• _WHAT IS BEING ASKED_: Below are the records; extract from them the line containing "This well maintained, gem" to the line containing "1956 Press Photo", both lines included, exactly and with no pictures.

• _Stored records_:
——————————

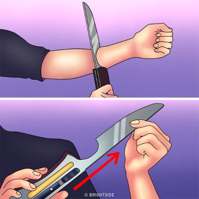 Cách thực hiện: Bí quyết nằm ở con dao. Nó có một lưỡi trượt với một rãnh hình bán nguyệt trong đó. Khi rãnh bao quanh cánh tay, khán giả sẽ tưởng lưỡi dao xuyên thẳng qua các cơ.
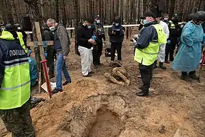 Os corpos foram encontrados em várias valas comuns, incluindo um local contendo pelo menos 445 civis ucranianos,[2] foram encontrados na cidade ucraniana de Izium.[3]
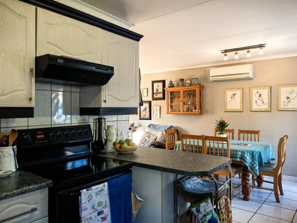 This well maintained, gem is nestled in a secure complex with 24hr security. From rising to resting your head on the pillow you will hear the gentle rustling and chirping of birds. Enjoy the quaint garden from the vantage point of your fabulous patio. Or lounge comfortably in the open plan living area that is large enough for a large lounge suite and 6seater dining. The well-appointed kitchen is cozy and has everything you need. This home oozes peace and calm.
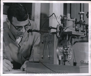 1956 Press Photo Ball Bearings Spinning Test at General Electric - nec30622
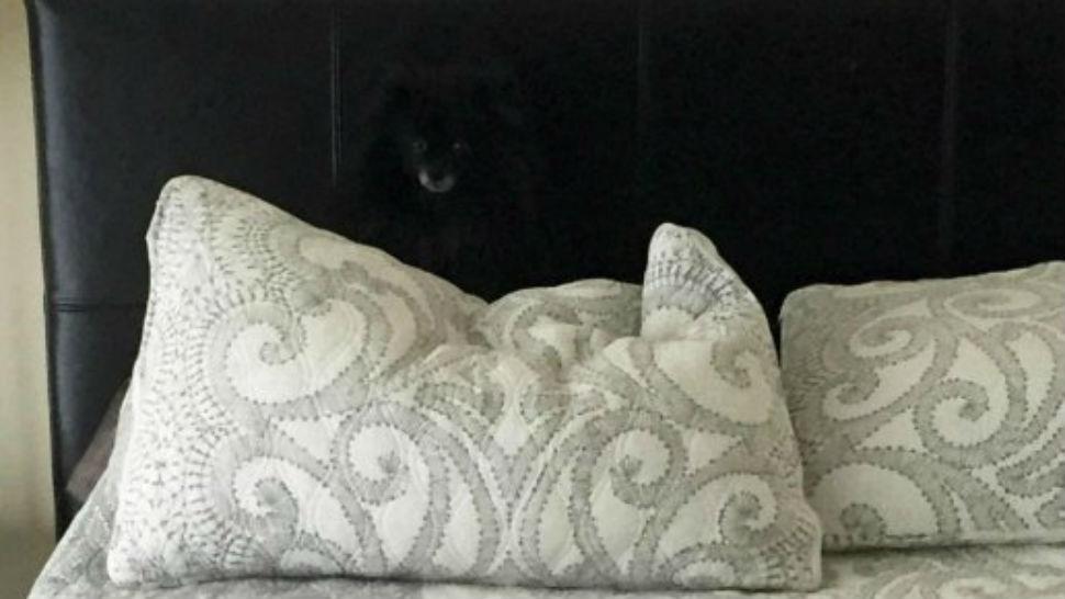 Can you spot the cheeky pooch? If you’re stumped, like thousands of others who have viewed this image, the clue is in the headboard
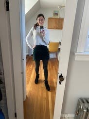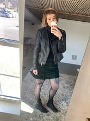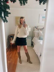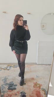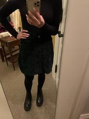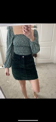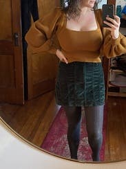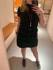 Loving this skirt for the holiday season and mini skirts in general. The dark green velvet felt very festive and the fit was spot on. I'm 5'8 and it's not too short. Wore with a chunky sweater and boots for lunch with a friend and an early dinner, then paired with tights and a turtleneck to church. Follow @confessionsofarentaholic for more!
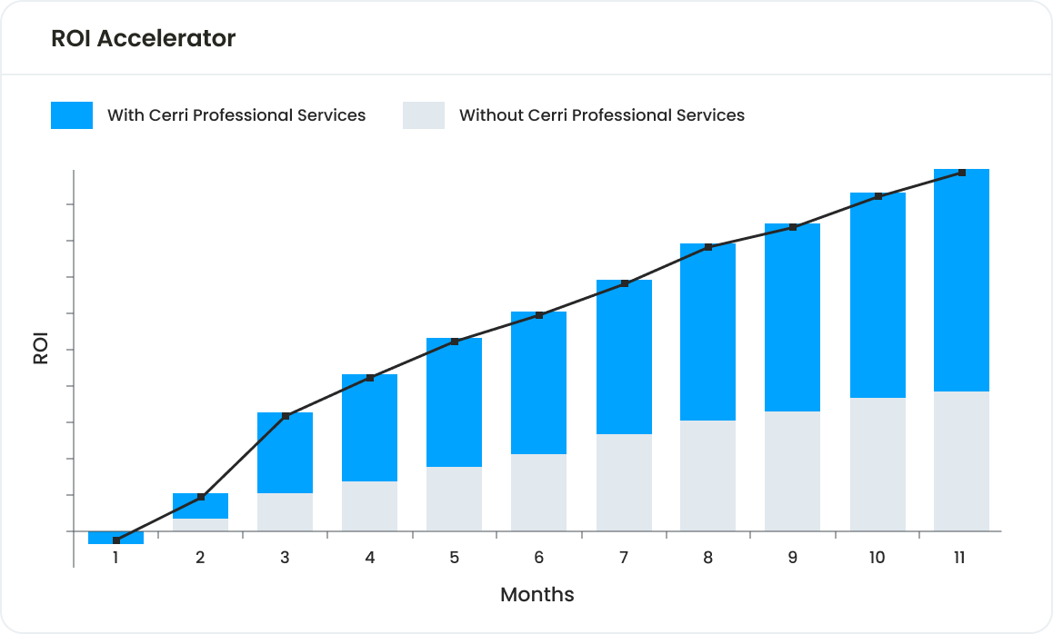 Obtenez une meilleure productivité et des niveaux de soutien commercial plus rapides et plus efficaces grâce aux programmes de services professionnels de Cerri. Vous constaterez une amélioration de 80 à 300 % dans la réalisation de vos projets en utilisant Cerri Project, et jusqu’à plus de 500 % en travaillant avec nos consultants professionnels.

——————————

• _RESULT FOR THIS TASK_:
 This well maintained, gem is nestled in a secure complex with 24hr security. From rising to resting your head on the pillow you will hear the gentle rustling and chirping of birds. Enjoy the quaint garden from the vantage point of your fabulous patio. Or lounge comfortably in the open plan living area that is large enough for a large lounge suite and 6seater dining. The well-appointed kitchen is cozy and has everything you need. This home oozes peace and calm.
 1956 Press Photo Ball Bearings Spinning Test at General Electric - nec30622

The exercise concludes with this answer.